### [Activity]
Lower down are entries containing pictures. Copy exactly, without those pictures, the lines from the line with "Prelamovaná zásuvka z" through the line with "ブルーインパルスを象徴する「".

### [Recorded data]
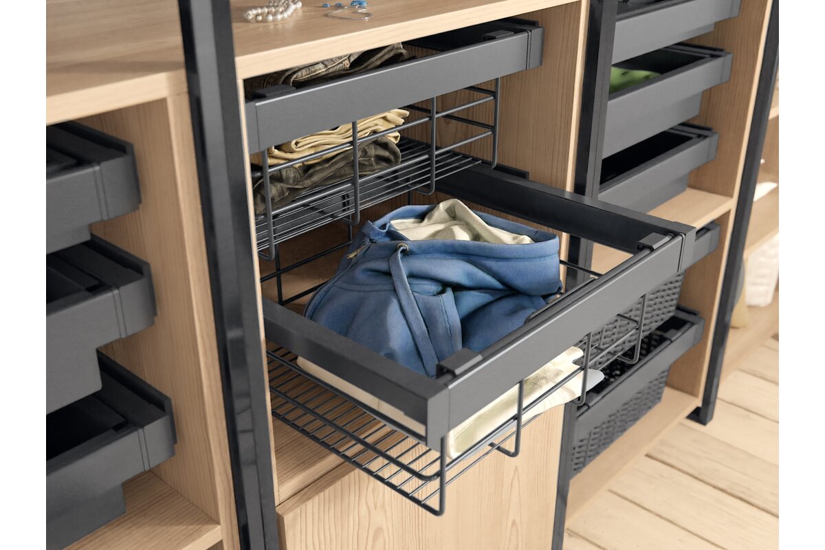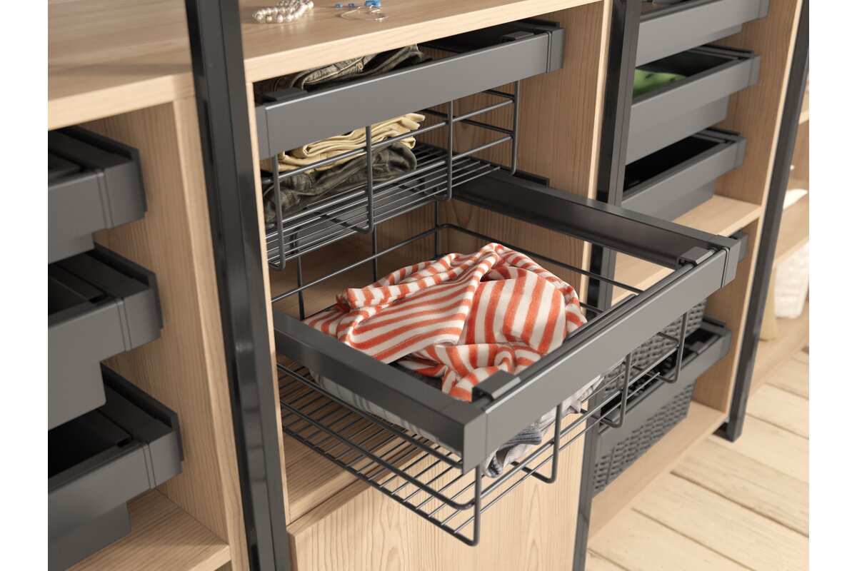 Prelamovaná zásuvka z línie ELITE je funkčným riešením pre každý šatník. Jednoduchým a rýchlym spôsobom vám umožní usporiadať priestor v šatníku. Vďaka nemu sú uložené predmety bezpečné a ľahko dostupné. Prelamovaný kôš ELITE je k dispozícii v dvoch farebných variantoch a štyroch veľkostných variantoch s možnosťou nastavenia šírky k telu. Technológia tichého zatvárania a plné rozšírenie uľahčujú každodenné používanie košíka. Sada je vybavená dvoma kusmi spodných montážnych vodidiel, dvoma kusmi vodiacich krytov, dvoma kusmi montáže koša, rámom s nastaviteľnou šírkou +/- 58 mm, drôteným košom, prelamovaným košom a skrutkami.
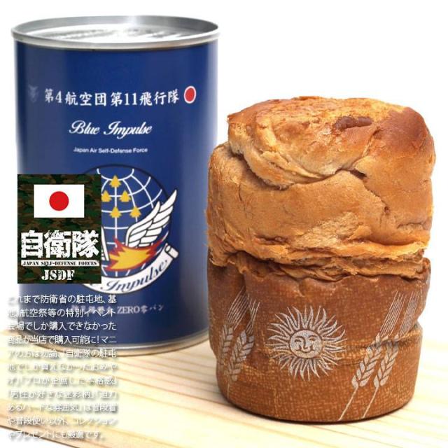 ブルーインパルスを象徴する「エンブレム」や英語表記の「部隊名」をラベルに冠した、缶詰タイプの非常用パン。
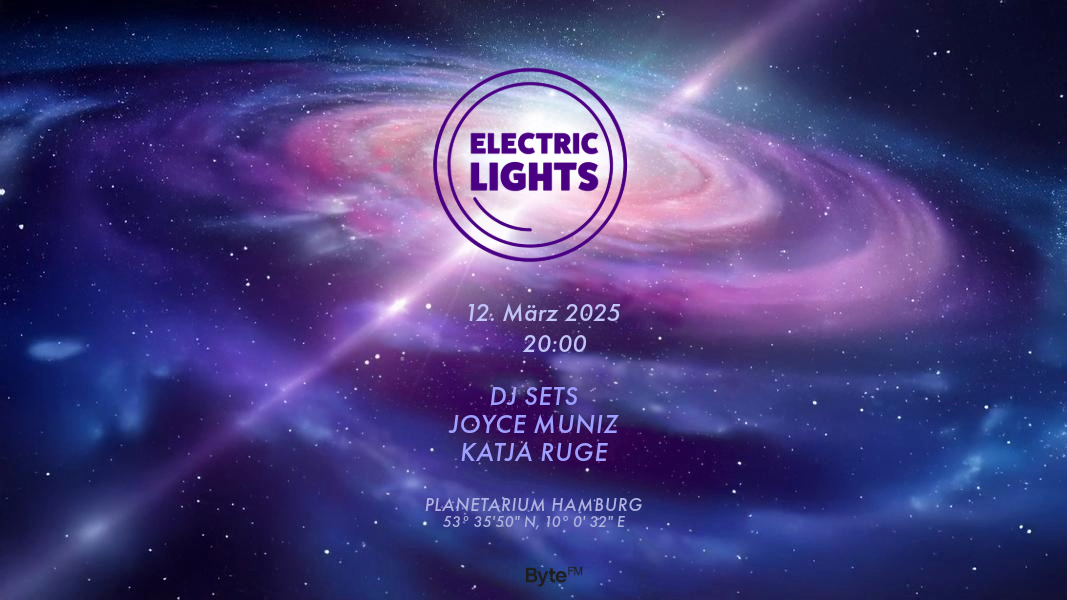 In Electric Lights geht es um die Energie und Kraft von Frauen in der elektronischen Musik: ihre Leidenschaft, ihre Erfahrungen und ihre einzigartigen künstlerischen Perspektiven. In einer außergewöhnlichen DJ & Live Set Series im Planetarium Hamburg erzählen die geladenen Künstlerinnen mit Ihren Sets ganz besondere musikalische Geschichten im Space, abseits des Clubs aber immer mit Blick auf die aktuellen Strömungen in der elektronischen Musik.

--

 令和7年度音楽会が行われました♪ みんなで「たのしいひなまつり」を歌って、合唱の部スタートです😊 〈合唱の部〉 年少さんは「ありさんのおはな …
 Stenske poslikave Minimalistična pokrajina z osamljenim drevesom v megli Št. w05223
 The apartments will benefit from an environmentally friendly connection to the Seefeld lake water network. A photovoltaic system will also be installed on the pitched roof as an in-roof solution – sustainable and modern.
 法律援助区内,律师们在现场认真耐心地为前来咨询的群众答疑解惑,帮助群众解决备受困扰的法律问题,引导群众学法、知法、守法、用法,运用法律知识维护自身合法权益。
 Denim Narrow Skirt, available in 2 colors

==

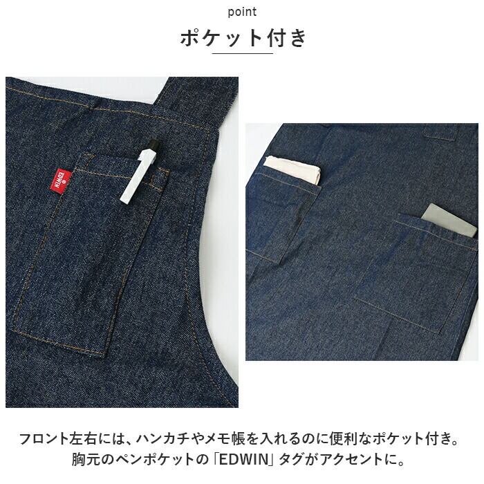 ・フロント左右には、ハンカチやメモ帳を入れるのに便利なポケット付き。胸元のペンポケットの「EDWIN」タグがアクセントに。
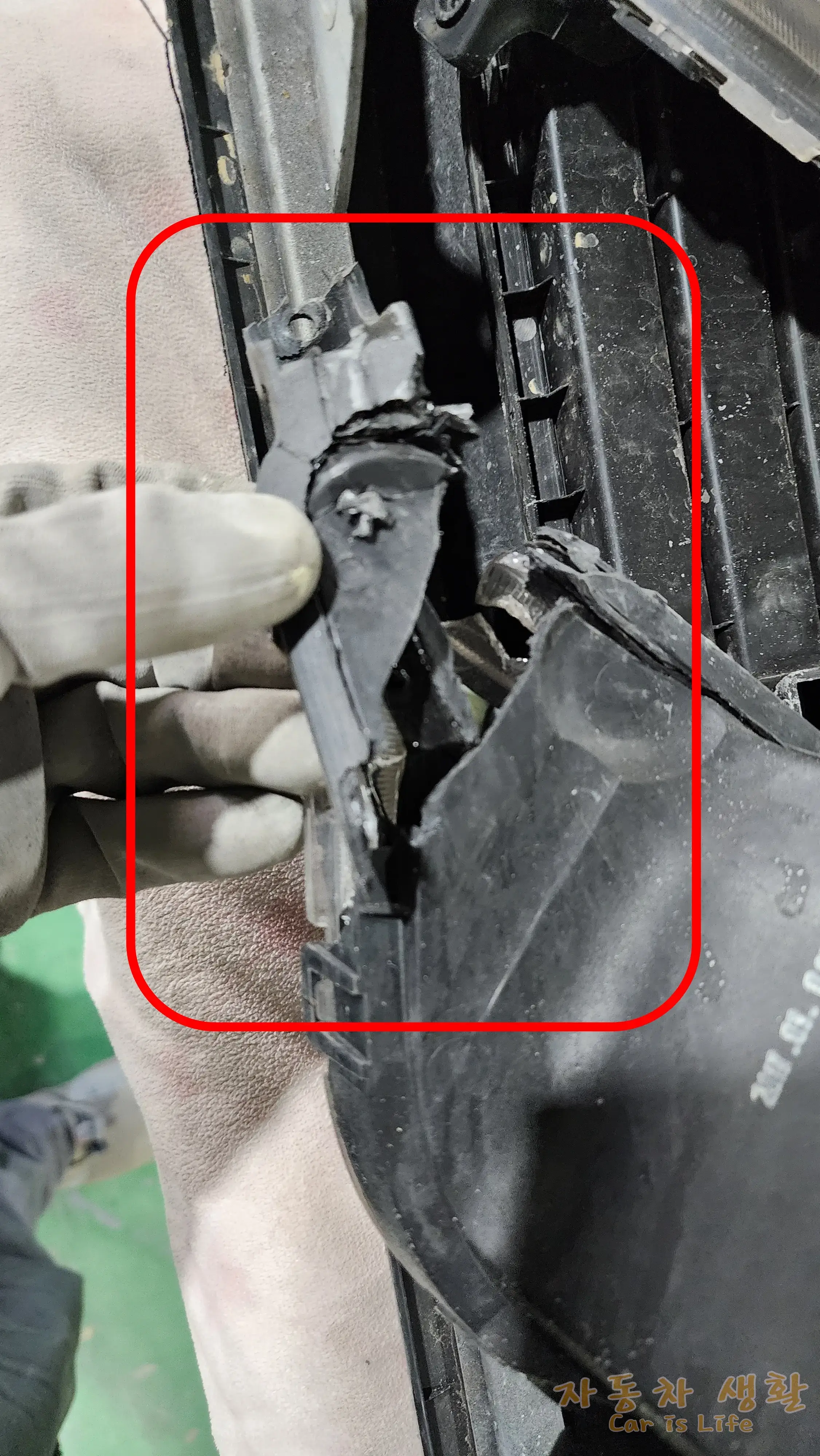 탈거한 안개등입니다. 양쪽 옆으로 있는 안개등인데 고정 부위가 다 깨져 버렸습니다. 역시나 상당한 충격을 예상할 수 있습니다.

### [Written response]
 Prelamovaná zásuvka z línie ELITE je funkčným riešením pre každý šatník. Jednoduchým a rýchlym spôsobom vám umožní usporiadať priestor v šatníku. Vďaka nemu sú uložené predmety bezpečné a ľahko dostupné. Prelamovaný kôš ELITE je k dispozícii v dvoch farebných variantoch a štyroch veľkostných variantoch s možnosťou nastavenia šírky k telu. Technológia tichého zatvárania a plné rozšírenie uľahčujú každodenné používanie košíka. Sada je vybavená dvoma kusmi spodných montážnych vodidiel, dvoma kusmi vodiacich krytov, dvoma kusmi montáže koša, rámom s nastaviteľnou šírkou +/- 58 mm, drôteným košom, prelamovaným košom a skrutkami.
 ブルーインパルスを象徴する「エンブレム」や英語表記の「部隊名」をラベルに冠した、缶詰タイプの非常用パン。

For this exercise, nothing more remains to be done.